Specifically, we’ll examine the usage of single-crystalline nanoribbons, useful because of their lack of edge effects. These edge effects, usually due to grain boundaries (defects in the crystal structures) cause significant loss of efficiency in the transmission of optical signals. Using far field microscopy and spectroscopy, the waveguiding behavior of individual nanoribbons can be observed in detail. The size of any given nanoribbon can be inferred from the color of it’s guided photoluminescence; large ribbons are white (less filtering), while smaller ribbons are blue (short-pass filtering). Waveguides are used in optics to transmit light and signals for long distances and with a high signal rate. The team [0] experimented with light injection into a ribbon cavity. Optical cavities are arrangements of mirrors that provide a type of filter for injected light. Light confined in an optical cavity will reflect multiple times and interfere with itself to filter for desired frequencies by eliminating undesirable frequencies by means of destructive interference. Various coupling geometries are usually tested using near-field optical microscopy (NSOM). For example, the quantification of the transmission loss of long straight ribbons using NSOM results in the finding that these single-crystalline ribbons had substrate-induced radiation loss and in some cases, imperfect single-crystalline leading to minor scattering crystal steps. However, this percentage of loss in the light’s amplitude is acceptable for use in sub-micrometer light-transmission (used in integrated planar photonic applications).
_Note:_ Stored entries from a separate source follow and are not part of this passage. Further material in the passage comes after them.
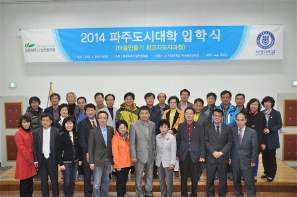 Ǫ¸¥ÆÄÁÖ21½ÇõÇùÀÇȸ(»óÀÓ´ëÇ¥ Á¶º¹·Ï)´Â 9ÀÏ ¼¿µ´ëÇб³¿¡¼ ¡®»ì±â ÁÁÀº ¸¶À» ¸¸µé±â¡¯ ÃÖ°íÁöµµÀÚ ¾ç¼º°úÁ¤ÀÎ ¡®2014³âµµ ÆÄÁÖµµ½Ã´ëÇС¯ °³°½ÄÀ» °¡Á³´Ù. ÆÄÁÖµµ½Ã´ëÇÐÀº Ǫ¸¥ÆÄÁÖ21ÀÌ ÁÖÃÖÇÏ°í ¼¿µ´ëÇб³ ¹Ì·¡Æò»ý±³À°¿øÀÌ ÁÖ°üÇÏ¸ç ¸¶À»º°·Î 3¸íÀÌ ÇÑ ÆÀÀ» ÀÌ·ï ¸¶À»ÀÇ ¾î¸Þ´ÏƼÀÚ¿øÀ» ã¾Æ³»°í ½º½º·Î ¸¶À» ¸¸µé±â °èȹ¾ÈÀ» ÀÛ¼ºÇÏ´Â À̷б³À°°ú ½Ç½ÀÀ» °áÇÕÇÑ ½ºÆ©µð¿À ¹æ½ÄÀ¸·Î ¿À´Â 7¿ù 30ÀϱîÁö 16ÁÖ¿¡ °ÉÃÄ ¸ÅÁÖ ¼ö¿äÀÏ ÁøÇàµÈ´Ù. ±³À°±â°£ µ¿¾È ¸¶À»¸®´õÀÇ ¿ª·®°È¸¦ À§ÇØ ¸®´õ½Ê À̷б³À°°ú ½Ç¹«±³À°, ÇöÀåüÇè°ú Ÿ Áö¿ªÀÇ ¸¶À» ¸¸µé±â »ç·Ê¸¦ ÇнÀÇÏ°í °ü·Ã Àü¹®°¡µé°ú ÇÔ²² ¸¶À»º°·Î ½ºÆ©µð¿À¹æ½ÄÀÇ ±³À°À» ÁøÇà, ¸¶À»°øµ¿Ã¼¸¦ Ȱ¼ºÈÇÏ´Â ½ÇÇà °¡´ÉÇÑ ¸¶À» ¸¸µé±â °èȹÀ» ¼ö¸³ÇÏ´Â ±³À°À» ½Ç½ÃÇÑ´Ù. Ǫ¸¥ÆÄÁÖ21Àº ±³À°°úÁ¤¿¡¼ ¼ö¸³µÈ ¸¶À» ¸¸µé±â °èȹ¾ÈÀ» ½É»ç, ÃÖ¿ì¼ö ÆÀ¿¡°Ô´Â °æ±âµµ °ø¸ð»ç¾÷ÀÎ 2014ÆÄÁÖÃʷϸ¶À»´ëÇÐ »ç¾÷ºñ¸¦ Áö¿øÇØ ÀÚ¿ø ¼øÈ¯Çü ¸¶À» ¸¸µé±â¸¦ ½ÇÇàÅä·Ï ÇÒ °èȹÀÌ´Ù. ÀÔÇнĿ¡¼ Á¶º¹·Ï »óÀÓ´ëÇ¥´Â ¡°»ì±â ÁÁÀº ¸¶À» ¸¸µé±â´Â ¸¶À»À» °¡Àå Àß ¾Æ´Â ¸¶À» ÁöµµÀÚµéÀÌ ³ª¼¼ ÀáÀÚ°í ÀÖ´Â ÁֹεéÀÇ µÎ·¹ÀǽÄÀ» ±ú¿ì´Â °ÍºÎÅÍ Ãâ¹ßÇØ¾ß ÇÑ´Ù.¡±¸ç ¡°»ì±â ÁÁÀº ¸¶À» ¸¸µé±â »ç¾÷ÀÌ Á¤ÂøµÉ ¼ö ÀÖµµ·Ï ³ë·ÂÇØ ´Þ¶ó¡±°í ´çºÎÇß´Ù.
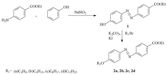 As we know, the properties of an LC depend on the chemical structure of the azobenzene and other segments [18]. With those objects in mind, we designed and synthesized a new series of azobenzene LC compounds, containing a flexible chain of CmH2m (where m = 4–12). In addition, a sequence of very interesting phase changes were observed when the compounds were assigned to different terminal groups, such as alkyloxy, alkoxy, ester, and hydroxyl. The phase behaviors of these compounds were characterized by differential scanning calorimetry (DSC) and polarizing optical microscopy (POM). The compounds of these series exhibited different phases when changing temperature. This investigation revealed that the kind of chain at the side of the azobenzene moiety plays a more important role in the formation of LC phases than has previously been understood.
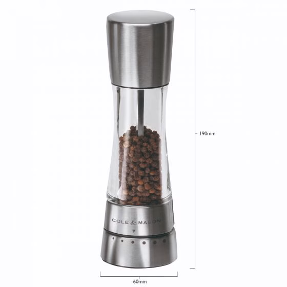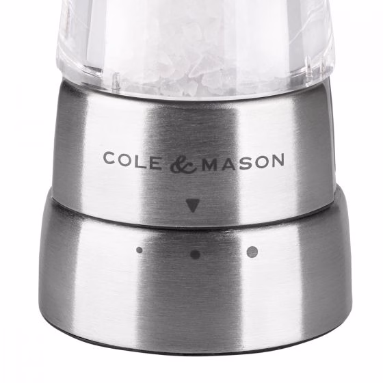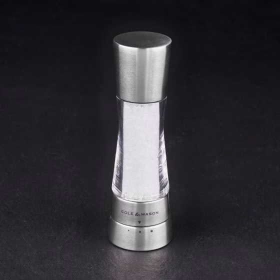 Stiilne soolaveski, mis on valmistatud vastupidavast akrüülist ja roostevabast terasest. 3 ettemääratud jahvatuse taset. Lihtsaks täitmiseks avage ülemine kork. Keraamiline veski mehhanism. Mõõdud: kõrgus 190 mm, läbimõõt 60 mm
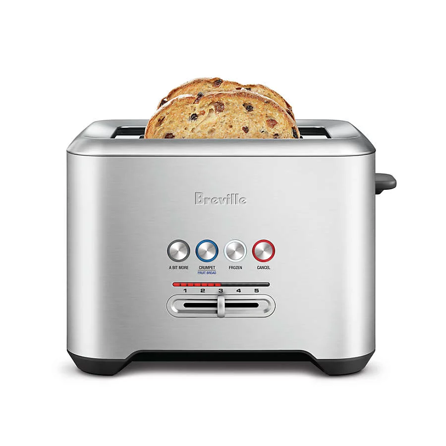 Toast large slices of artisanal bread thick bagels and dense pastries with a two slice toaster designed for even consistent browning. The extra wide and extra long slots easily fit oversized baked goods while one touch controls let you lift and look without stopping the cycle. The a bit more feature adds a small boost of browning when you want a slightly deeper shade.
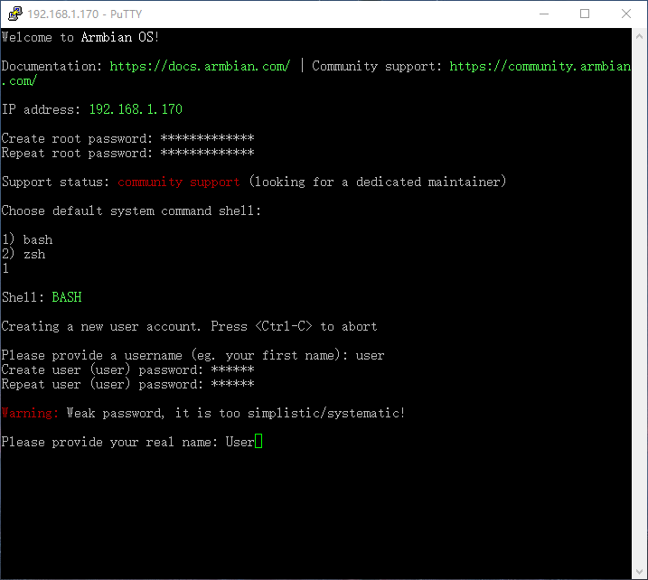 创建普通用户user,并输入两遍普通用户user的密码(也可以ctrl-c跳过)
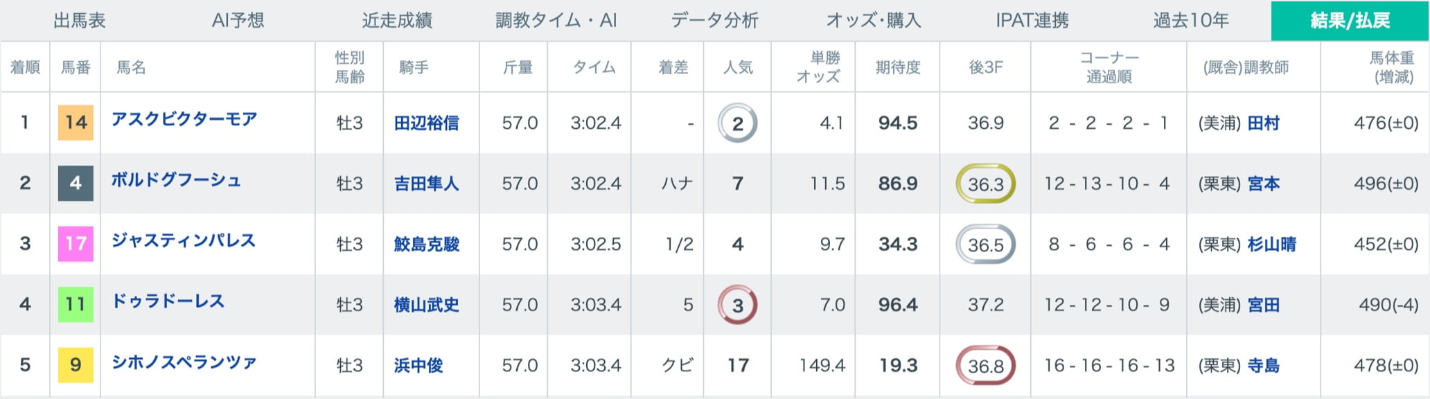 レース着順を配信。単勝オッズとレース発走前の期待度もあわせて表示します。レース終了後は、ペース予想・荒れ予想のAI判定結果も公開します。
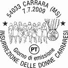 | Vignetta | raffigura, in grafica stilizzata, un gruppo di donne che sfilano in corteo e, in alto a destra, è riprodotta la medaglia d'oro al merito civile conferita alla città di Carrara nel 2007. Completano il francobollo la leggenda "INSURREZIONE DONNE CARRARESI", le date "7 LUGLIO 1944 - 7 LUGLIO 2009", la scritta "ITALIA" e il valore "€ 1,50". |
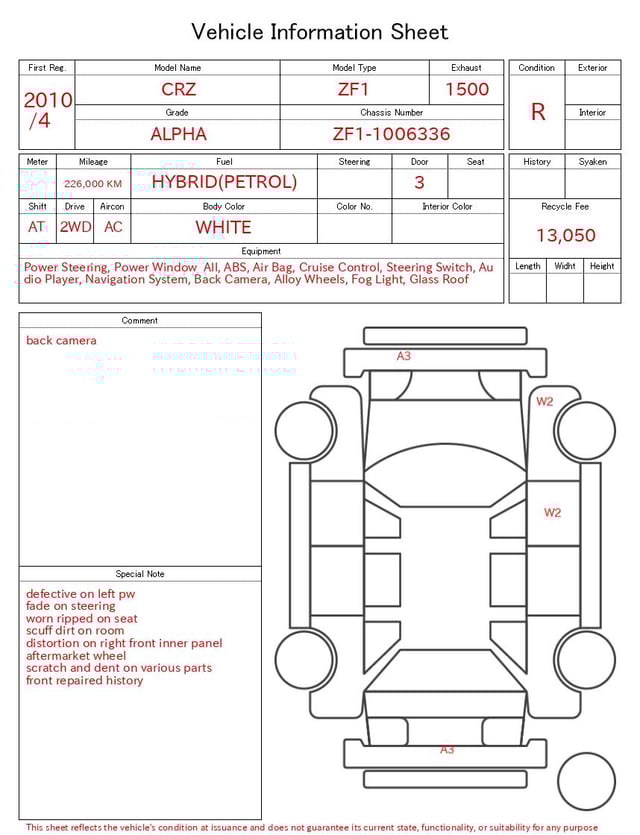 Примечание по аукционному листу
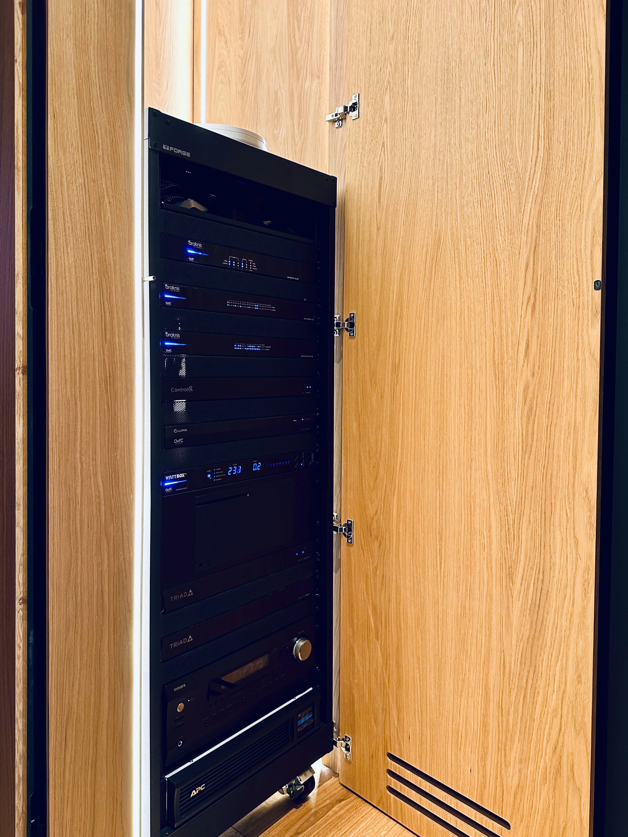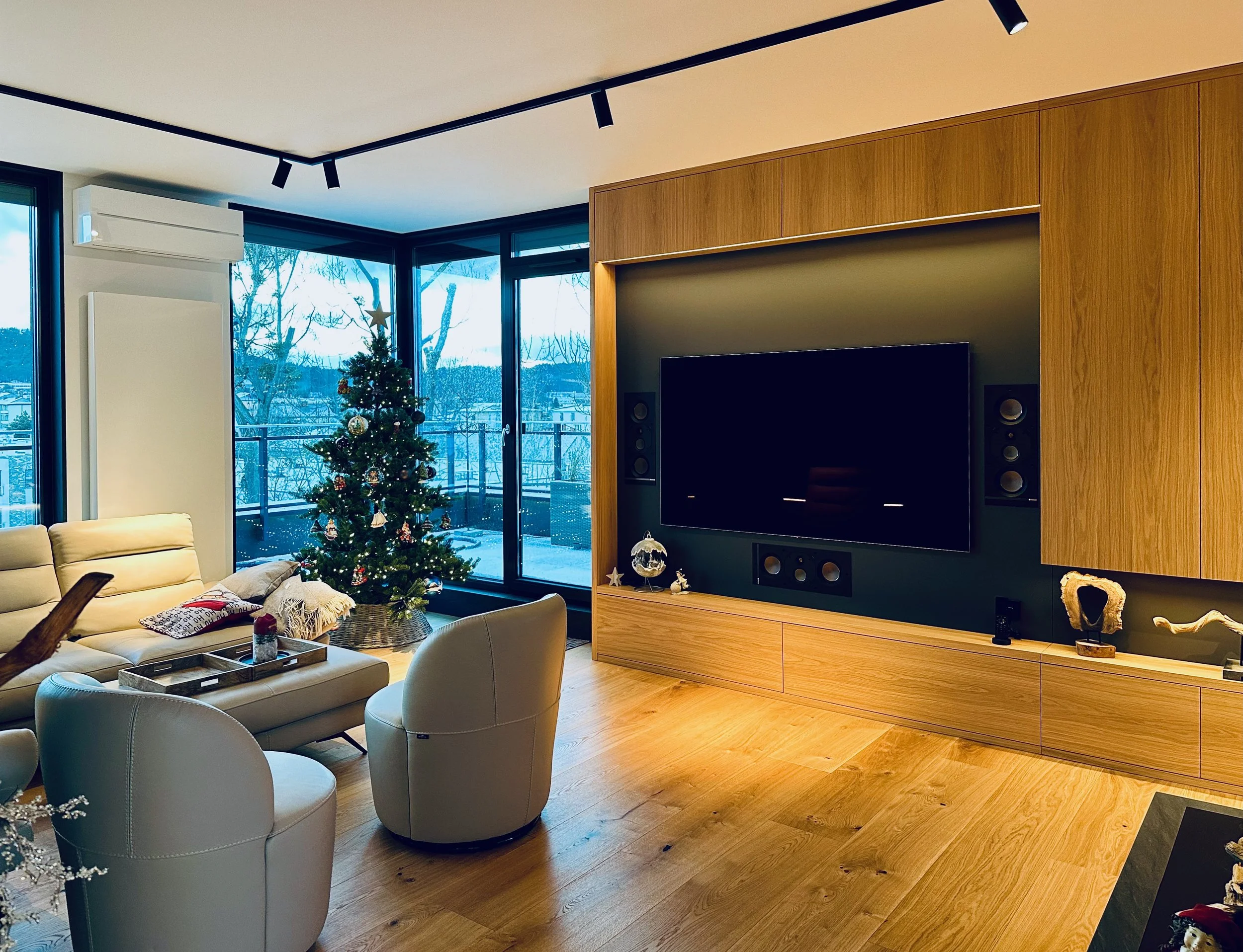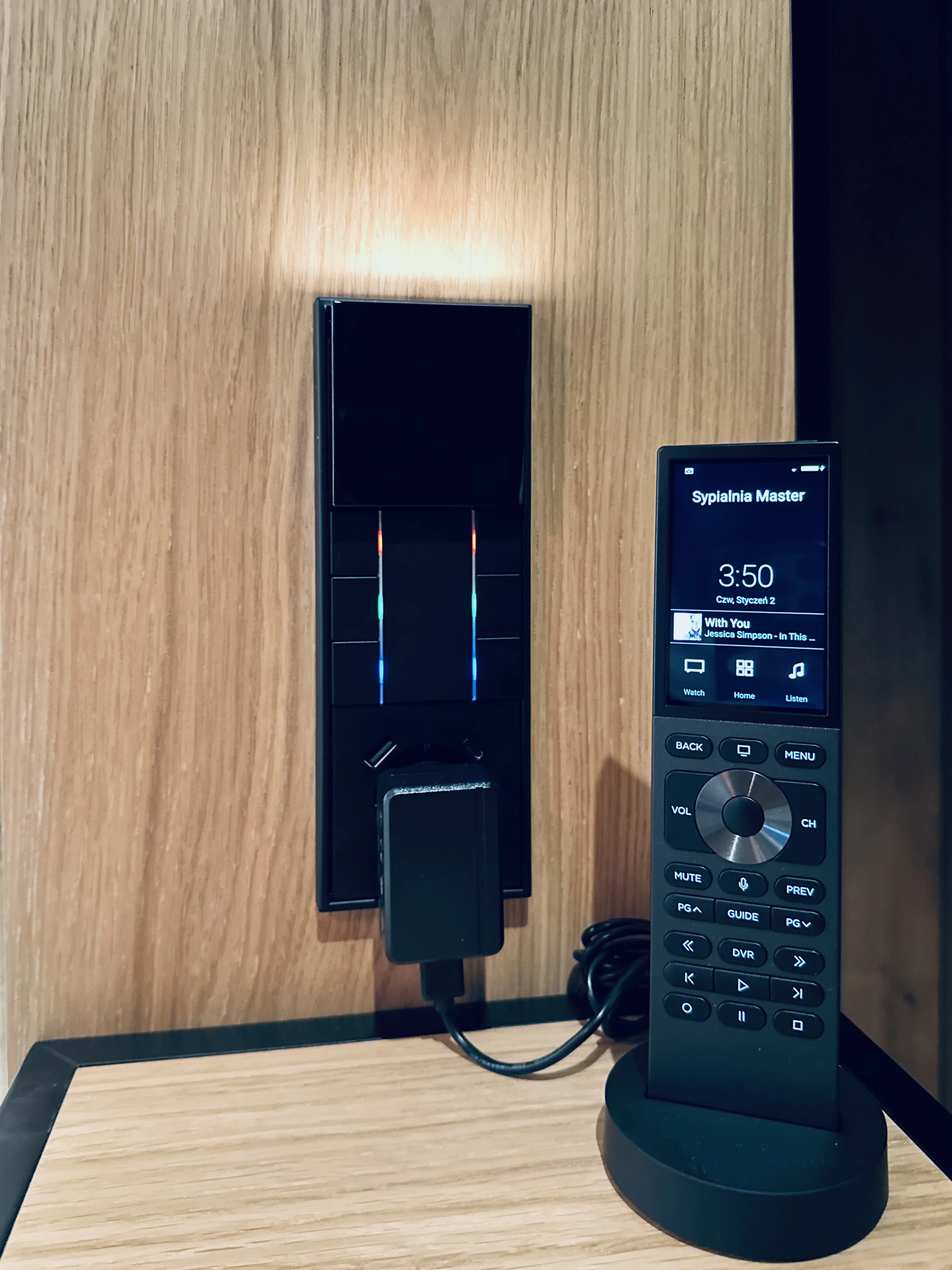 Apartament o powierzchni 115 m² w Rumi został zaprojektowany jako w pełni zintegrowana przestrzeń smart home, łącząca komfort, automatyzację oraz intuicyjne doświadczenie użytkownika. System obejmuje 7 niezależnych stref audio (w tym taras), około 50 obwodów oświetleniowych oraz pełne sterowanie oświetleniem, roletami, HVAC i systemem AV za pośrednictwem Control4. Instalacja została również zintegrowana z systemem alarmowym, zapewniając użytkownikowi jeden przejrzysty interfejs do zarządzania wszystkimi funkcjami budynku. Kluczowym elementem tej realizacji jest zaawansowana automatyka oparta na czujnikach obecności Steinel, które dynamicznie zarządzają scenami oświetleniowymi. Dzięki temu użytkownik rzadko musi korzystać z tradycyjnych włączników, ponieważ apartament inteligentnie dostosowuje się do codziennych aktywności i obecności domowników.

Nanowire light sources can be successfully coupled to ribbon waveguides to create input and output for future photonic devices. Most research into developing nanowire photonic circuitry explores various nanoribbon bondings, various ribbon geometries and especially focuses on the efficacy and efficiency of this alternative to electrical integrated circuits in the hope of proving that photonic integrated circuits have the potential to supplement and possibly overtake today’s electronically based circuitry.

Practical devices will require a combination of electrically driven nanowire light sources and nanoribbons: the next generation of integrated circuits will likely be a combination of parallel electrical and optical circuit elements. The main problem to overcome is developing better ways to integrate optical and electrical circuit elements for the parallel processing of electron and photon based signal transmission.

Sources Cited

0] Sirbuly, D. J. (2005). Optical Routing And Sensing With Nanowire Assemblies. Proceedings of the National Academy of Sciences, 102(22), 7800-7805.
1] Law, M. (2004). Nanoribbon Waveguides For Subwavelength Photonics Integration. Science, 305(5688), 1269-1273.